Iblis menjawab dengan jujur. “Wahai Muhammad, Engkau adalah orang yang paling aku benci dan kemudian orang-orang yang mengikuti agamamu.”
“Lalu, siapa lagi yang paling engkau benci,” tanya rosulullah.
“Seorang pemuda yang bertaqwa dimana ia mencurahkan dirinya hanya kepada Allah,’ jawab iblis.
“Siapa lagi,”
“Orang alim atau canggih yang wara’ (menjaga diri dari harta haram dan subhat), lagi sabar,” jawab iblis.
“Siapa lagi?”
“Orang yang melanggengkan diri dari kesucian yaitu suci lahir, batin, dan lingkungan (baik lingkungan fisik maupun eterik).”
“Siapa lagi?”
“Orang fakir yang senantiasa bersabar, yang tidak pernah menuturkan kepada siapapun dan juga tidak pernah mengeluhkan penderitaan yang dialaminya.”
“Lalu, darimana engkau tahu ia bersabar,”
“Wahai Muhammad, bila ia masih da pernah mengeluhkan penderitaannya kepada makhluk yang sama dengannya selama tiga hari, maka Allah tidak akan mencatat perbuatannya dalam kelompok orang-orang yang bersabar.”
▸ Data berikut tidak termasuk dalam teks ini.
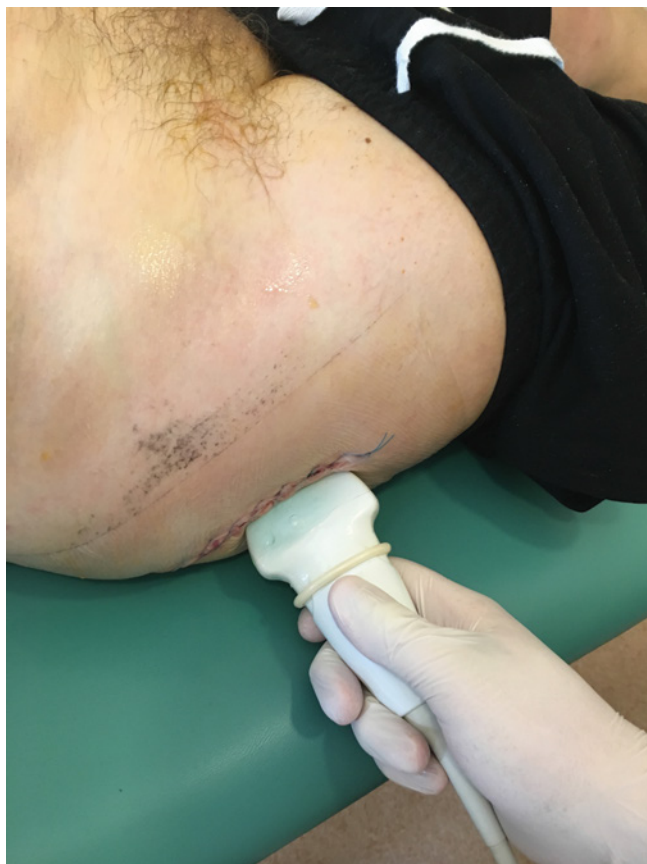
Fig. 3. Probe position at the wound

For quantitative variables, means plus standard deviation or median and minimum plus maximum values were calculated, depending on the type of distribution. For qualitative variables their quantity and percentage distribution was shown. Correlations of parametric variables were analyzed by the Spearman's test. Interrelations between quali-

“Lalu siapa lagi wahai iblis?”
“Orang kaya yang bersyukur,”
“Lalu apa yang dapat memebritahumu bahwa ia bersyukur?”
“Bila saya melihat ia megambil kekayaannya dari apa saja yang dihalalkan dan kemudian disalurkan pada yang berhak,” tutur iblis.
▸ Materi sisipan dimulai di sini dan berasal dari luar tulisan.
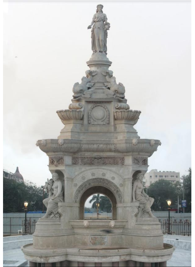
Flora fountain before and after removal of layers of paint and other depositions
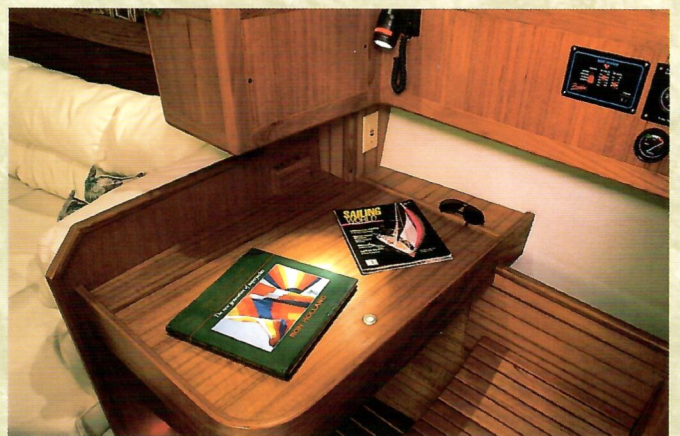
A full-size nav station can house all the gear in the overhead panels.
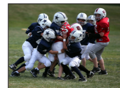
Young Athlete Clinic

“Bagaimana kondisimu bila umatku menjalankan sholat?” tanya Rosulullah.
“Wahai Rosul, saya langsung merasa gelisah dan gemetar.”
“Mengapa wahai makhluk yang terkutuk?”
“Sesungguhnya apabila seorang hamba bersujud kepada Allah, sekali sujud, maka Allah mengangkat satu derajat (tingkat). Apabila mereka berpuasa, maka saya terikat sampai mereka berbuka kembali. Apabila mereka manasik haji, maka saya jadi gila. Apabila bersedekah, maka seakan-akan orang yang bersedekah tersebut mengambil kapak lalu membelah saya menjadi dua,” jawab iblis.
“Mengapa demikian wahai Abu Murrah (julukan iblis)?”
“Sebab dalam sedekah ada empat perkara yang perlu diperhatikan: (1) dengan sedekah itu Allah akan menurunkan keberkahan dalam hartanya; (2) Allah menjadikan ia disenangi di kalangan makhluknya; (3) dengan sedekah itu pula Alah akan menjadikan suatu penghalang antara neraka dengannya; dan (4) ia akan terhindar dari berbagai bencana dan penyakit.
“Ketahuilah Muhammad, bahwa orang yang masih suka dirham dan binar (harta) berarti belum bisa murni karena Allah. Apabila saya masih melihat seseorang yang sudah tidak menyukai dirham dan binar (untuk kepentingan pribadi), serta tidak suka dipuji, maka saya tahu bahwa ia adaah orang yang ukhlis karena Allah, lalau saya tinggalkan.”
Demikianlah Arambana, sebagian dari dialog antara Rosul Muhammad dan iblis yang melatarbelakangi para pejabat di sini santun dengan kawula ait. Semoga kelak ketika kamu dewasa, harapan bundamu menjadi kenyataan. Perkenalkan pada dunia bahwa kota Bojonegoro itu penuh pesona. Disana ada banyak objek wisata yang dapat dikunjungi diantaranya Khayangan Api, Waduk Pacal, Dander Taman Tirtawana, Gua Lowo, Penambangan Minyak Tradisional, kerajinan ukiran kayu jati, seni tari tayub, wayang Tenghul, budaya masyarakat Samin, perusahaa tembakau, dan makanan khas Ledre. Insyaallah ke depan Bojonegoro akan menjadi Brunei-nya Indonesia. Amin!
*Endang Syahrul K.N. (Guru SMAN Sumberrejo, Bojonegoro)
Bojonegoro, 30 April 2007 disajikan dalam “Lomba Dongeng Kesejarahan 2007”.